Randy Neugebauer, the Republican chairman of a House oversight panel, said on Wednesday his staff is probing whether Treasury tried to make material changes to a draft of S&P’s news release announcing the negative outlook revision in April.
“Our concern was if the administration was trying to influence this rating decision some -- above what would be a normal practice,” Neugebauer told reporters after a hearing examining oversight of the credit rating industry and the role the raters are playing in U.S. debt talks.
S&P has been the most aggressive of the “big three” credit rating agencies in threatening to downgrade the United States’ triple-A rating unless Congress agrees to a credible and meaningful deficit-reduction plan.
U.S. lawmakers are trying to reach a deal by August 2 to both raise the $14.3 trillion U.S. debt limit and lay out an aggressive framework to cut federal spending.
The House Financial Services oversight subcommittee on Wednesday released a trove of emails between top S&P sovereign credit analysts, S&P President Deven Sharma and senior Treasury officials, including the department’s assistant secretary for financial markets, Mary Miller.

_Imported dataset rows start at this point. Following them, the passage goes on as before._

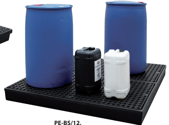
PE-BS/12, Artikel-Nr. P70-2071-A

Kombinationsbeispiel aus PE-BS/11, Artikel-Nr. P70-2070-A und PE-BS/12, Artikel-Nr. P70-2071-A mit optionaler PE-Auffahrrampe für Fasskarre
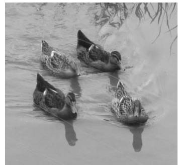
有機栽培で活躍するアイガモ

鮫川小五年生と青生野小五・六年生を対象とした学校給食米栽培田見学は七月十二日、西山字戸倉地内の水田で行われました。この学習は、子どもたちが給食で食べている米について農家から直接栽培方法などの話を聞き、食の大切さを学ぶことを目的に
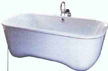
Vasca da bagno, Édition Andrée Putman (Hoesch, 4.600 €).
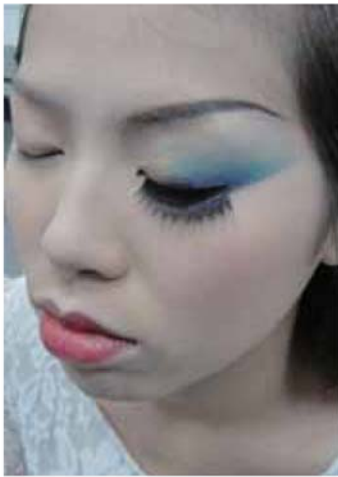
4 為凸顯角色的權位與霸氣，眼影可採往後拉長的效果，唇形以縮小的唇型為主要。如上頁的嘴型圖
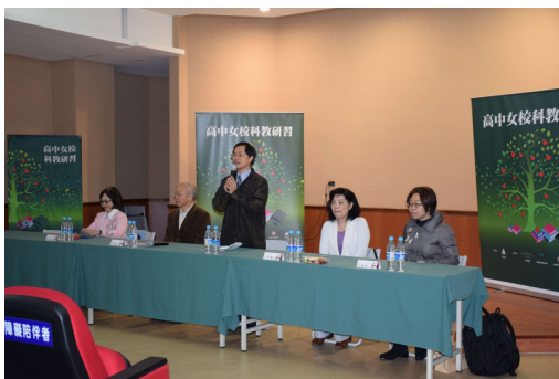
▲下午座談校長致詞
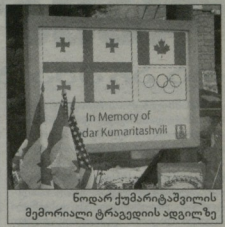
ნოდარ ქუმბარტაძის მემორიალი ტრაველიის ადგილზე
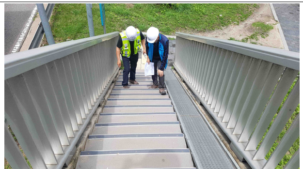
공 사 명 : 2017 한강교량 일상유지 보수공사 공사내용 : 남단 교량 진입 계단 정비 점검결과 : 정비상태 양호
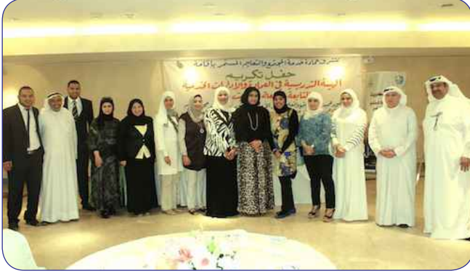
اللجنة المنظمة للحفل
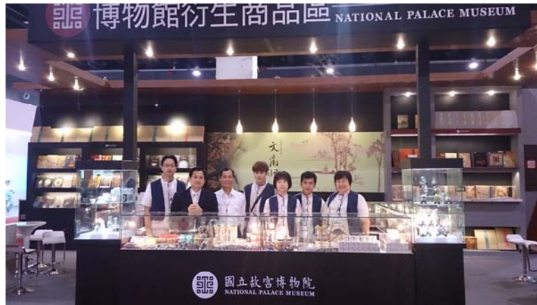
圖十九~二十：本院全銜載示情形(參展證、展位)
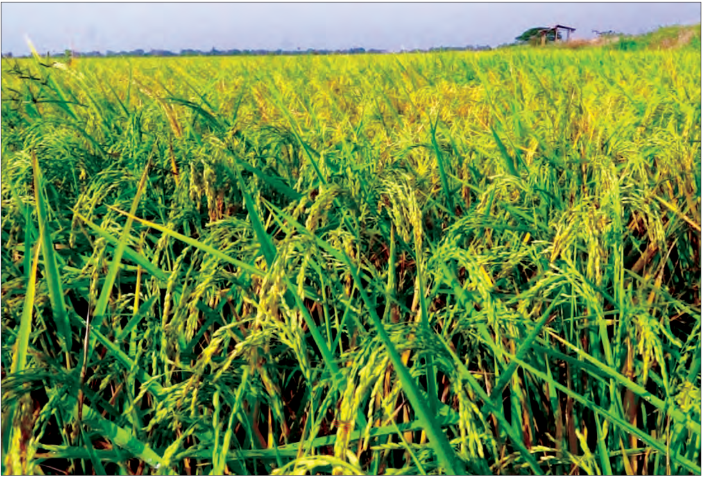
ဧရာဝတီတိုင်းဒေသကြီး၌ အောင်မြင်ဖြစ်ထွန်းနေသော စပါးခင်းအား တွေ့ရစဉ်

ကျွန်တော်တို့တိုင်းဟာ စိုက်ပျိုးရေး တိုင်းဖြစ်ပါတယ်။ စိုက်ပျိုးရေးမှာ အောင်မြင်ဖို့အတွက် အဓိကက မျိုးကောင်းမျိုးသန့်ထုတ်ပေးနိုင်ရေး၊ ဓာတ်မြေဩဇာစံချိန်မီများကို ထုတ်ပေးနိုင်ရေး၊ ဒီလိုထုတ်ပေးနိုင်ဖို့အတွက်ဆိုရင် စိုက် / ဘဏ်ချေးငွေကို ပေးရမှာဖြစ်ပါတယ်။ အစိုးရသစ်တက်လာတဲ့အခါမှာ အချိန်မီထုတ်ပေးနိုင်ရေးအတွက် ကြိုးစားခဲ့ကြရပါတယ်။ တစ်နှစ်တာအတွင်းမှာ ကျပ်သန်းပေါင်း ၄၈၀၀၀ ကျော် ထုတ်ပေးနေတဲ့အတွက် အရင်ကထက် ကျပ်သန်းပေါင်း ၁၆၀၀၀၀ ကျော် ထုတ်ပေးနိုင်ခဲ့
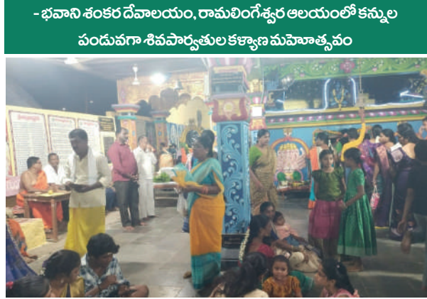
-భవాని శంకర దేవాలయం, రామలింగేశ్వర ఆలయంలో కన్నుల పండువగా శివపార్వతుల కళ్యాణ మహోత్సవం
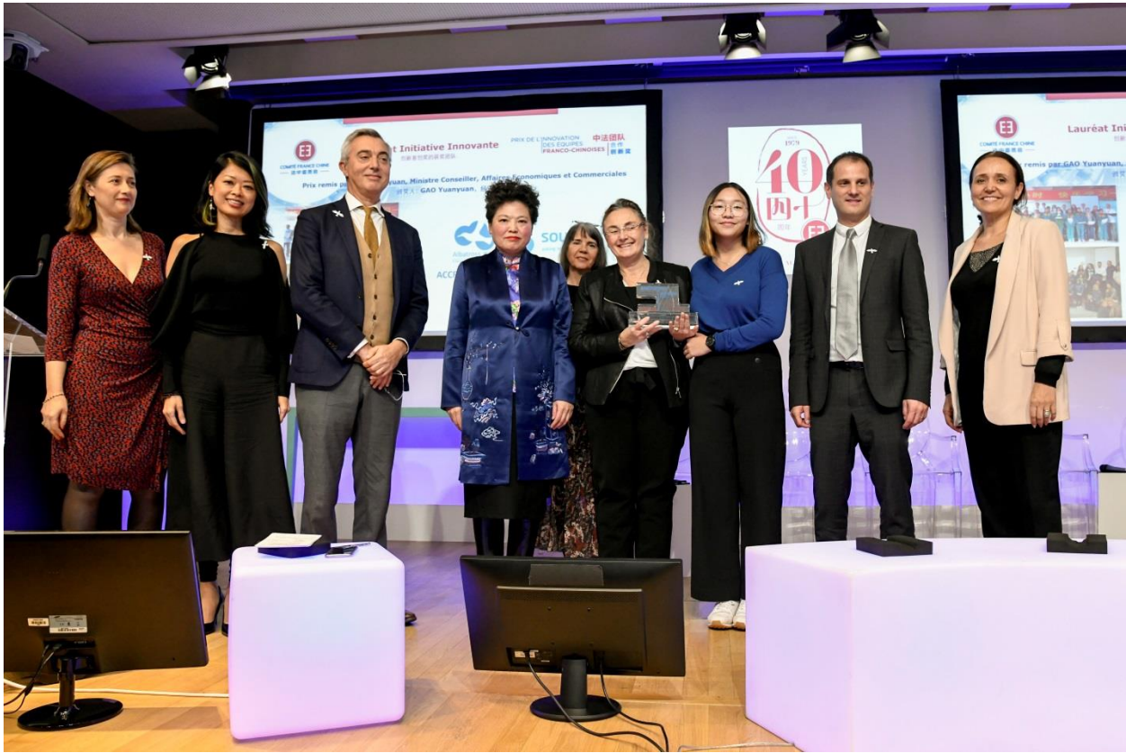
Cérémonie du comité France-Chine du MEDEF le 19 décembre 2019 à Paris. L'équipe Albatross reçoit le prix de l'innovation. Projets GAIA et SAPHIR
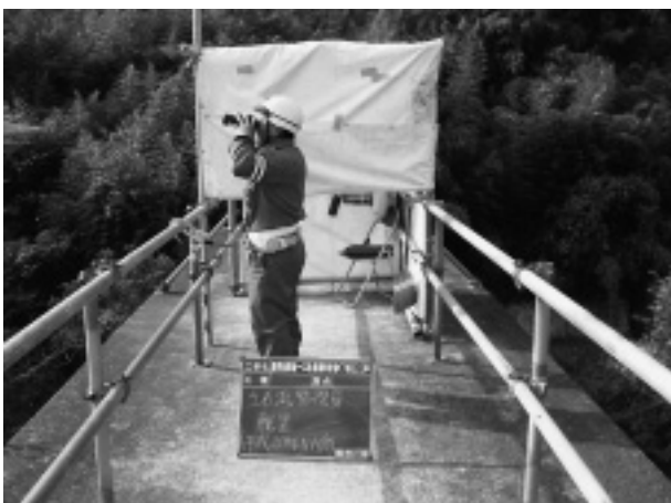
写真-4 土石流監視員

3) ライブカメラの設置 河川上流の状況を確認できるようにライブカメラを設置することで、土石流前兆現象を逸早く把握し工事従事者へ避難指示を行える環境を整備しました。
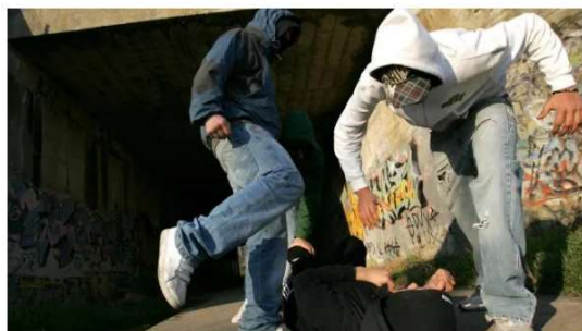
Sei giovani aggrediscono coetanei

I 'raid' sono stati messi a segno da un gruppetto di una decina di ragazzi nella zona del centro storico. Il procuratore Alfonso D'Avino: "Hanno tutti reati alle spalle"
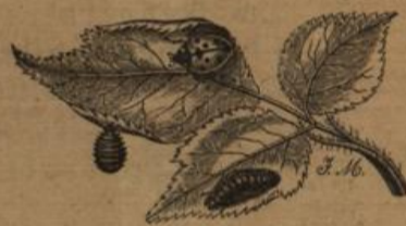
Marienkäferchen mit Larve und Puppe.
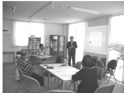
やまゆりで、事前プレゼンテーションを実施 いずれも内容の濃い講座が無料で！
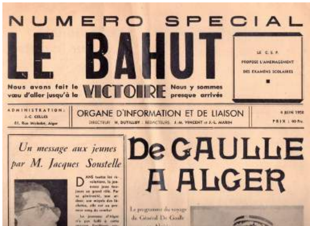
Le Bahut du 4 juin 1958

Du 4 au 7 juin 1958, premier voyage en Algérie du général de Gaulle
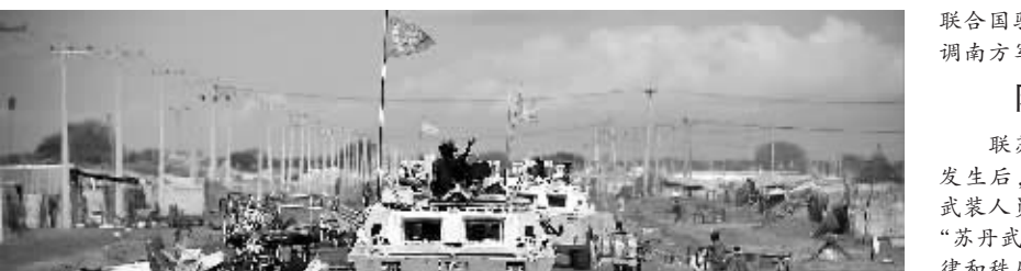
5月24日,联合国维和部队在苏丹中部阿卜耶伊的大街上巡逻(资料照片)。

围绕阿卜耶伊问题,苏丹北南之间再次剑拔弩张。苏丹北方政府近日在其部队遭遇南方军队袭击后,出兵占领了位于苏丹北南分界线中部的阿卜耶伊地区。
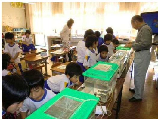
（写真1）小学校での観察学習
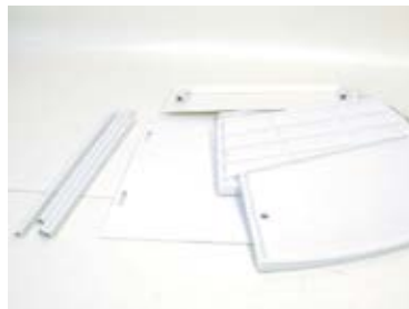
1. Séparez les pièces
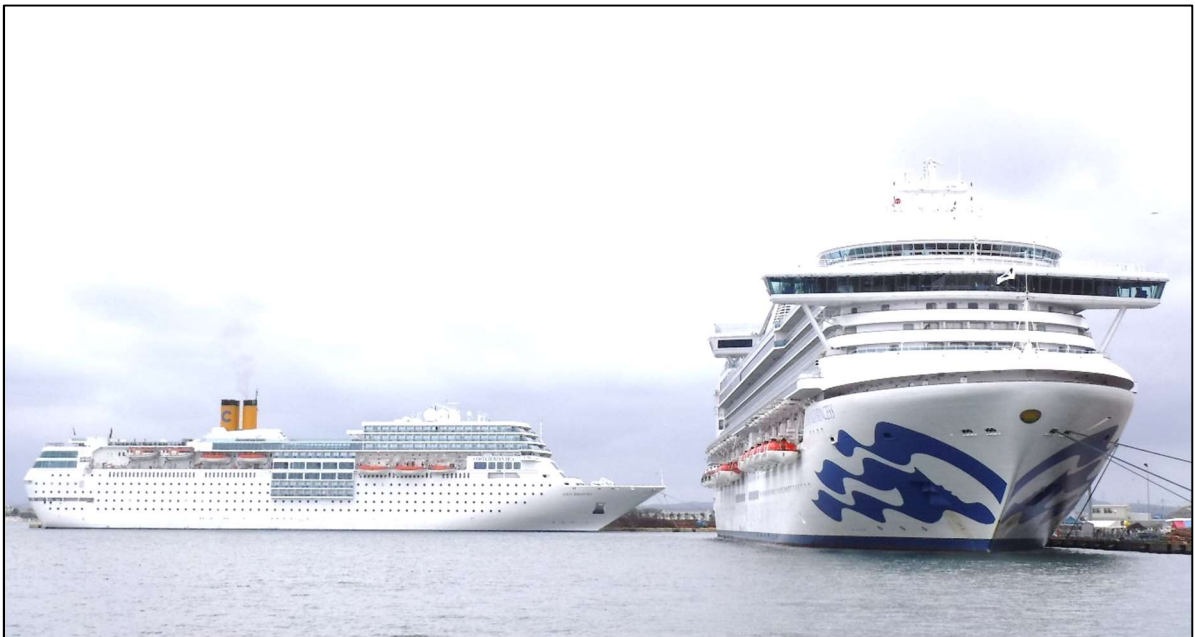
二隻同時寄港する「コスタ・ネオロマンチカ」(写真左)と「ダイヤモンド・プリンセス」(写真右)

「ダイヤモンド・プリンセス」は今回が、また「コスタ・ネオロマンチカ」は8月14日が境港への今年最後の寄港となりました。
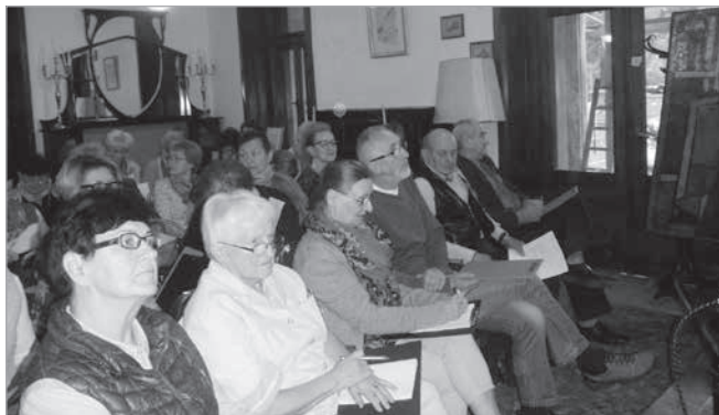
Na wykładzie w jednej z sal Muzeum Miasta Łodzi

Zwiedziliśmy Muzeum, po którym oprowadził jego kustosz. Pozostała jeszcze wycieczka do Zgierza i Łowicza, którą odbędziemy 17 września na koszt projektu.
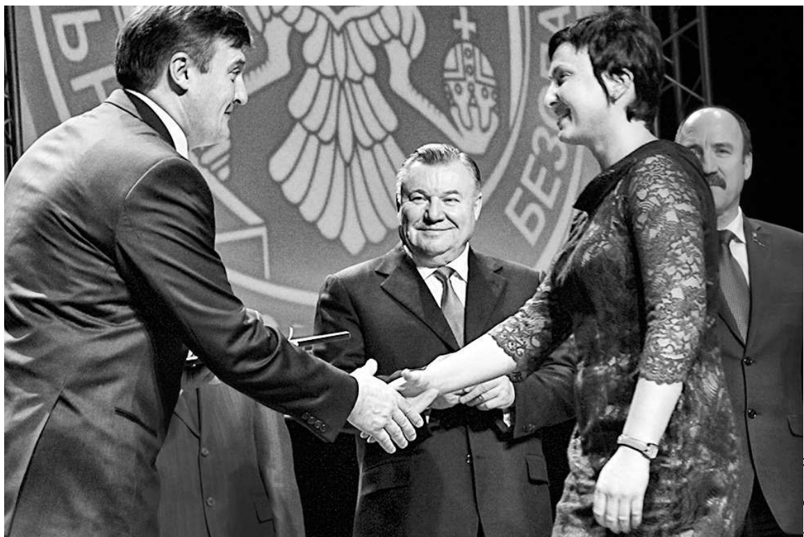
Начальник УФСБ России по Орловской области Виктор Задворный: — Самые теплые слова благодарности — всем нашим сотрудникам!

ГУБЕРНАТОР ПОЗДРАВИЛ СОТРУДНИКОВ УФСБ С ЮБИЛЕЕМ

A review of the emails by Reuters shows efforts by S&P and Treasury officials to hold discussions ahead of the outlook review. They also show an interest by Treasury in obtaining a draft copy of S&P’s press release.
There was no indication in the emails that Treasury was unhappy with the review or tried to influence the press release.
Although it is customary for rating agencies to talk to their issuers, Republicans said they had concerns the Obama administration may have gone too far.
The Treasury had no immediate comment.
S&P is a unit of McGraw-Hill Cos Inc.
Emails dated March 22 show extensive efforts by S&P and Treasury officials to coordinate on times to talk about the Obama administration’s budget strategy before the credit rater’s committee met to discuss the U.S. rating.
An early April 15 email shows Sharma telling Treasury’s Under Secretary Jeffrey Goldstein that he received his message and that he would give him a call.
A mid-afternoon April 15 email shows S&P’s global head of sovereign ratings, David Beers, asking Miller, Goldstein and Deputy Assistant Secretary for Federal Finance Matthew Rutherford, when it would be convenient to call about the rating agency’s decision.
Later that day, Miller asks Beers if S&P was planning on sending Treasury a draft press release and said, “It would be helpful to take a look at that in advance.”
S&P issued its press release on April 18.
During Wednesday’s hearing, Sharma told lawmakers that it was common practice for rating agencies and issuers to eye each other’s press releases to ensure accuracy.
“We believe that is an appropriate process,” Sharma said.
Moody’s Global Managing Director Michael Rowan also said his company has a similar procedure.
But Neugebauer said his staff was still sifting through the documents and looking into “whether Treasury influenced what that press release said.”
“The gentleman (Sharma) said today that basically that is a common practice. What we don’t know is the details” and whether “there were material changes made to the press release,” Neugebauer said.